Listen to the Episode

This info is based on an interview I did with Yaro and Claire. Feel free to listen to the episode below. You can also subscribe in Apple PodcastsStitcherSpotify or anywhere else.

Who are Yaro and Claire?

Inbox Done
Yaro Starak and Claire Giovino – Co-Founders and owners of Inbox Done.

Yaro Starak began blogging in 2005 initially as nothing more than a marketing experiment. Since then, he’s used his blog to sell over $2 million dollars of his own ebooks, online courses, and membership sites, and is now able to travel the world living the ‘Laptop Lifestyle’. Claire Giovino brought Yaro on as a client in 2017 to help him manage and perfect his inbox. After realizing how widespread the problem of email was, they cofounded Inbox Done to help other busy experts break free from managing their own email.
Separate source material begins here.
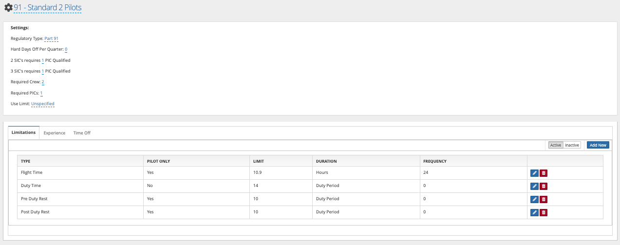 Regulation Rule Sets are a way to check pilot crew activity (e.g. duty time, rest time, flight hours, night landings, etc.) against a defined standard or limitation. Once created, they may be applied to a trip or flight leg, which then checks the crew assigned against the requirements and issue an alert or warning in the Trip Feasibility accordingly.

Why Should I Optimize My Email?

First and foremost, let’s clarify something – Email is still a vital piece in the operation of your business. I know, I know, social media is a big deal, and many of the experts are saying to focus all of your attention there. While social is definitely an important part of the equation, it is just that – a part of the equation… as is email. They each have their purpose, and you should take the time to make sure you’ve decided how you’d like to use email in your growth strategy. It’s important in both building your community and to customer management, so think about it now!

Two Options For Email Management

Ask anyone you pass on the street and they’d probably be able to sit and talk with you for hours about the systems they’ve put in place to manage their email. Some have in-depth folders & auto-filter systems, while others just let emails come to the inbox and try to hold on for dear life.
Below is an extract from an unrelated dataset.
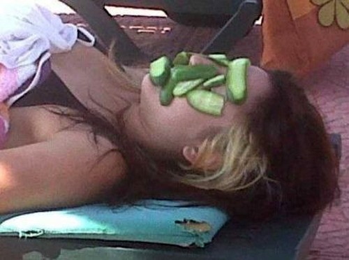 사진 속에는 오이마사지를 받고 있는 한 여성이 보인다. 하지만 왠지 웃음을 참을 수 없다. 여성의 얼굴 위에 올려진 오이가 마사지에는 어울리지 않을 정도로 두껍게 썰린 모양이기 때문이다. 대부분 오이 마사지에는 얇게 썬 오이가 사용된다.

But even with these different approaches, people still have difficulty keeping up with their inbox. There are two main solutions for this issue – below I’ve included some details about each of them. Once you’ve read both, you can decide which one you’d prefer.

Option 1: Fix Your Own Inbox

Fix own inbox
When fixing your own inbox, don’t get too caught up in all of the details. You’ll defeat the purpose of optimizing it.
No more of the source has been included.